Добавить в цитаты Настройки чтения

Страница 29 из 46

«Так вот какие грезы тебя занимают, верный пес государев», – усмехнулся Зверев и, взмахнув руками, одним решительным усилием воли снес все эти прелести и пустил вместо них черные грозовые клубы.

– Знаешь ли ты, несчастный, что государя Иоанна поутру тати злые убить намерены! – как можно грознее взревел князь, пытаясь придать себе облик старца в белой тоге и с нимбом над головой. – Отравят его на рассвете, пока ты, бездельник, бока отлеживаешь!

Андрей сжал кулаки, пару раз сверкнул молниями, оглушительно громыхнул и повторил:

– Иоанна, помазанника Божьего, колдуны злые ядом извести утром желают, а ты спасти его даже и не пытаешься, пес позорный! Немедля во дворец беги заговорщиков искать! Ну!!! – Он резко наклонился вперед, расширяя свой лик до неимоверных размеров.

И вдруг его словно резануло по голове – как десяток когтистых кошачьих лап по коже проскребся. Боярин Кошкин исчез, как и все сотворенное волей и мыслями Зверева представление.

– Проснулся, – понял князь, переводя дух. – Отлично. Значит, проняло.

Он поднялся с потника, сладко потянулся. Тревога наконец-то оставила его душу – Андрей знал, что успел. Утро еще даже не намечалось, а он уже докричался до первопрестольной. Он свое дело сделал: предупредил.

– Часочек выжду, чтобы боярин снова заснул покрепче, да еще раз к нему в мозги постучусь. Чтобы уж точно запомнил, о чем вещий сон ему говорил. Эй, Пахом, ты спишь? Ну спи, спи. Только ты это… Того… Ты извини, что накричал на тебя тут ввечеру. Уж больно некстати ты меня отвлекал.

– Ничего, княже, я обиды не держу. В гневе ты мне куда милее, нежели таковой, каким на болоте появился. Вроде и живой, а взгляд мертвый совсем. Ровно русалка, а не человек.

– Так ты не спишь, дядька? – обрадовался Зверев. – Тогда корми. Чего-то оголодал я за время скачки. Брюхо к позвоночнику прилипло. И меду бы хмельного хорошо, горло промочить.

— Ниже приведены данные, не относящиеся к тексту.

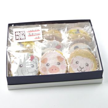 ZOOせん(1枚入り個包装袋バラ) 甘い 箱詰めオプション 販売価格: ¥ 220 税込 かわいい動物のお顔の書いたおせんべいギフトです。7種類の動物モチーフせんべい。 商品を見る お気に入りに登録する

Подкрепившись, князь снова вытянулся на подстилке, накрывшись овчинным пологом, вызвал образ Ивана Кошкина, пробрался в его сновидения. В этот раз дьяку мерещилась какая-то нескладная чертовщина: лошади с разрубленными головами, бегающие по стенам мыши с золотыми монетами в зубах, медноголовый чурбан, бродящий по мощенным деревянными плашками улицам, голые тетки, прячущиеся по кустам, трактирный разносчик в зеленой рубахе, на голове которого вместо волос росли кудрявые ивовые прутья, курица, сидящая на крупных коричневых яйцах. Курица и яйца выглядели нормально, без извращений. Андрей опять смахнул всю эту чепуху и обрушил на боярина грозное предупреждение об утреннем цареубийстве: про яд за завтраком, про измену ближних государевых приспешников. И снова: про яд, про яд, про яд. Кошкин выдержал минут пятнадцать и исчез – опять проснулся. Зверев же, наоборот, задремал. Да так крепко, что Пахом смог растолкать его, лишь когда солнце почти добралось до зенита.

– Кони оседланы, Андрей Васильевич, сумки собраны. Торопиться будем али покушать желаешь не спеша?

– Торопиться!

Князь Сакульский резко поднялся, потянулся. Услышав легкое журчание, он спустился к узенькому, в три ладони шириной, ручейку, что струился по краю поляны, ополоснул лицо. Когда же вернулся, его постель уже исчезла в одном из тюков, что украшали крупы скакунов. Зверев поднялся в седло, и всадники с места перешли в галоп.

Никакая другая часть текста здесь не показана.